● **TASK DIRECTIONS**: Without the pictures, give the records again exactly as they appear.

● **MATERIAL SUPPLIED**:

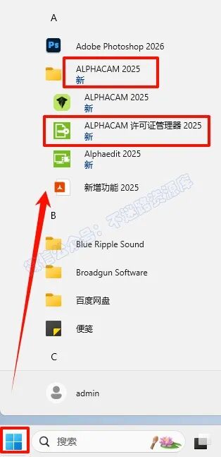 13.µã»÷“¿ªÊ¼”²Ëµ¥£¬µã»÷“ËùÓÐÓ¦ÓÔ£¬µã»÷Õ¹¿ª“AlphaCAM 2025”Îļþ¼Ð£¬µã»÷“ALPHACAM Ðí¿ÉÖ¤¹ÜÀíÆ÷ 2025”
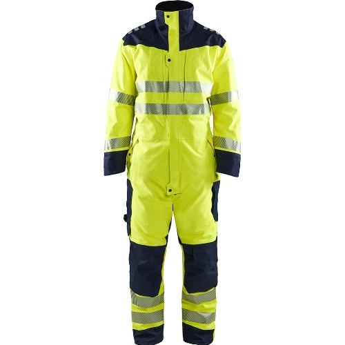 Inherent flamskyddad, varmfodrad svetsoverall för vinterbruk. Tillverkad i ett vind- och vattentätt material med andasfunktion och tejpade sömmar. Bröstfickor med blixtlås. Fleecefodrade framfickor med lock och tryckknapp. Innerficka med blixtlås. Benficka med bälg och lock med kardborreknäppning samt med en invändig telefonficka. Förstärkt tumstocksficka med knivhållare och pennficka. Avtagbar ID-kortsficka för flamskyddade plagg. D-ring. Hög krage med täckt blixtlås. Med knappar för fäste av luva (säljes separat). Frontstängning med dolt kraftigt tvåvägsblixtlås i plast och frontslå med tryckknappar. Stretchpanel i rygg. Justerbar med dragsko i midja. Förstärkt på knän och nedre delen av bakre byxben. Utvändig knäskyddsficka. Justerbart benavslut med öppningsbart snölås. Segmenterad flamskyddad transferreflex på bål, ärmar och ben. Reflexdetaljer på axel. Plasttryckknappar. Utvändiga certifieringsetiketter. Bra ytor för dekalning. Metallfri. Antistatisk kvalitet. Fri från PFAS. Vattenpelare 12000 mm, andasfunktion Ret 8,15. Tvätt 60°C.
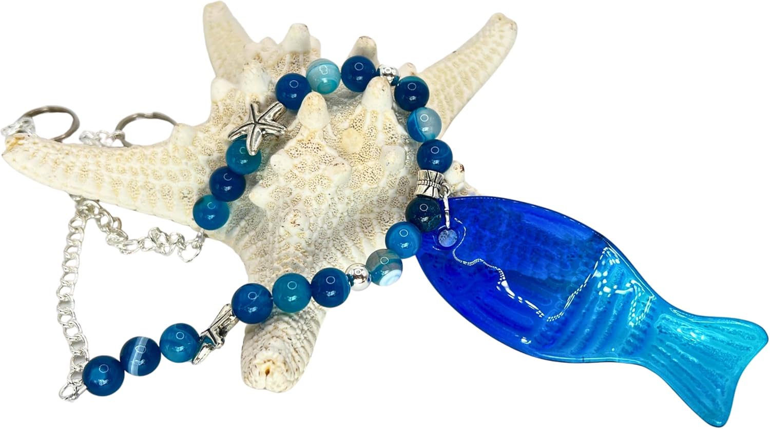 Transform your living space with these exquisite nautical-themed curtain tie backs. Each set features stunning blue ombre glass fish pendants that capture the essence of ocean waves, perfectly complemented by a string of coordinating blue agate beads and decorative silver starfish accents. The beaded strand includes various shades of blue, from deep navy to light aqua, creating a beautiful gradient effect that mirrors the fish pendants. The silver-toned chain and findings add an elegant touch, while the multiple attachment rings provide flexible hanging options. These statement pieces do more than just hold back your curtains - they bring a sophisticated coastal charm to any room. Perfect for beach houses, coastal-themed decor, or anyone wanting to add a touch of maritime elegance to their window treatments. The substantial size of the fish pendants (as shown with penny for scale) makes them eye-catching focal points that will draw admiring glances. NAUTICAL DESIGN: Beautiful ocean-inspired curtain tie backs featuring hand-painted blue ombre glass fish pendants and decorative starfish accents MEASUREMENTS: Each fish pendant measures approximately 2.5 inches long, with an 8-inch beaded section perfect for most curtain arrangements
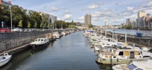 Kurz darauf war es soweit: Wir erreichten das Zentrum von Lüttich. Nach dem Passieren der „Grande Poste“ und dem Universitäts-Aquarium näherten sich die ersten Boote gegen 13:15 Uhr der Kennedy-Brücke – und fuhren in den „Port des Yachts de Liège“ ein.
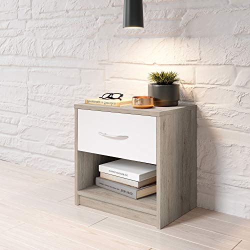 Stella Trading, Comodino PEPE in San Remo, bianco, Semplice comodino con un cassetto adatto ad ogni letto e camera da letto, 39 x 41 x 28 cm
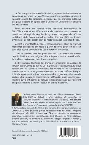 Ce livre retrace l'histoire des transports maritimes en Afrique de l'Ouest et du Centre de 1968 à 2018. De manière exhaustive, l'auteur revient sur les combats victorieux, les échecs et les compromis menés par les acteurs gouvernementaux et associatifs en Afrique. Il étudie également le fonctionnement des organismes africains du secteur des transports maritimes, les difficultés qu'ils rencontrent, les défis qu'ils ont permis de relever et les perspectives qui s'ouvrent aux pays africains, dans un secteur en pleine mutation

● **ANSWER SECTION**:
 13.µã»÷“¿ªÊ¼”²Ëµ¥£¬µã»÷“ËùÓÐÓ¦ÓÔ£¬µã»÷Õ¹¿ª“AlphaCAM 2025”Îļþ¼Ð£¬µã»÷“ALPHACAM Ðí¿ÉÖ¤¹ÜÀíÆ÷ 2025”
 Inherent flamskyddad, varmfodrad svetsoverall för vinterbruk. Tillverkad i ett vind- och vattentätt material med andasfunktion och tejpade sömmar. Bröstfickor med blixtlås. Fleecefodrade framfickor med lock och tryckknapp. Innerficka med blixtlås. Benficka med bälg och lock med kardborreknäppning samt med en invändig telefonficka. Förstärkt tumstocksficka med knivhållare och pennficka. Avtagbar ID-kortsficka för flamskyddade plagg. D-ring. Hög krage med täckt blixtlås. Med knappar för fäste av luva (säljes separat). Frontstängning med dolt kraftigt tvåvägsblixtlås i plast och frontslå med tryckknappar. Stretchpanel i rygg. Justerbar med dragsko i midja. Förstärkt på knän och nedre delen av bakre byxben. Utvändig knäskyddsficka. Justerbart benavslut med öppningsbart snölås. Segmenterad flamskyddad transferreflex på bål, ärmar och ben. Reflexdetaljer på axel. Plasttryckknappar. Utvändiga certifieringsetiketter. Bra ytor för dekalning. Metallfri. Antistatisk kvalitet. Fri från PFAS. Vattenpelare 12000 mm, andasfunktion Ret 8,15. Tvätt 60°C.
 Transform your living space with these exquisite nautical-themed curtain tie backs. Each set features stunning blue ombre glass fish pendants that capture the essence of ocean waves, perfectly complemented by a string of coordinating blue agate beads and decorative silver starfish accents. The beaded strand includes various shades of blue, from deep navy to light aqua, creating a beautiful gradient effect that mirrors the fish pendants. The silver-toned chain and findings add an elegant touch, while the multiple attachment rings provide flexible hanging options. These statement pieces do more than just hold back your curtains - they bring a sophisticated coastal charm to any room. Perfect for beach houses, coastal-themed decor, or anyone wanting to add a touch of maritime elegance to their window treatments. The substantial size of the fish pendants (as shown with penny for scale) makes them eye-catching focal points that will draw admiring glances. NAUTICAL DESIGN: Beautiful ocean-inspired curtain tie backs featuring hand-painted blue ombre glass fish pendants and decorative starfish accents MEASUREMENTS: Each fish pendant measures approximately 2.5 inches long, with an 8-inch beaded section perfect for most curtain arrangements
 Kurz darauf war es soweit: Wir erreichten das Zentrum von Lüttich. Nach dem Passieren der „Grande Poste“ und dem Universitäts-Aquarium näherten sich die ersten Boote gegen 13:15 Uhr der Kennedy-Brücke – und fuhren in den „Port des Yachts de Liège“ ein.
 Stella Trading, Comodino PEPE in San Remo, bianco, Semplice comodino con un cassetto adatto ad ogni letto e camera da letto, 39 x 41 x 28 cm
 Ce livre retrace l'histoire des transports maritimes en Afrique de l'Ouest et du Centre de 1968 à 2018. De manière exhaustive, l'auteur revient sur les combats victorieux, les échecs et les compromis menés par les acteurs gouvernementaux et associatifs en Afrique. Il étudie également le fonctionnement des organismes africains du secteur des transports maritimes, les difficultés qu'ils rencontrent, les défis qu'ils ont permis de relever et les perspectives qui s'ouvrent aux pays africains, dans un secteur en pleine mutation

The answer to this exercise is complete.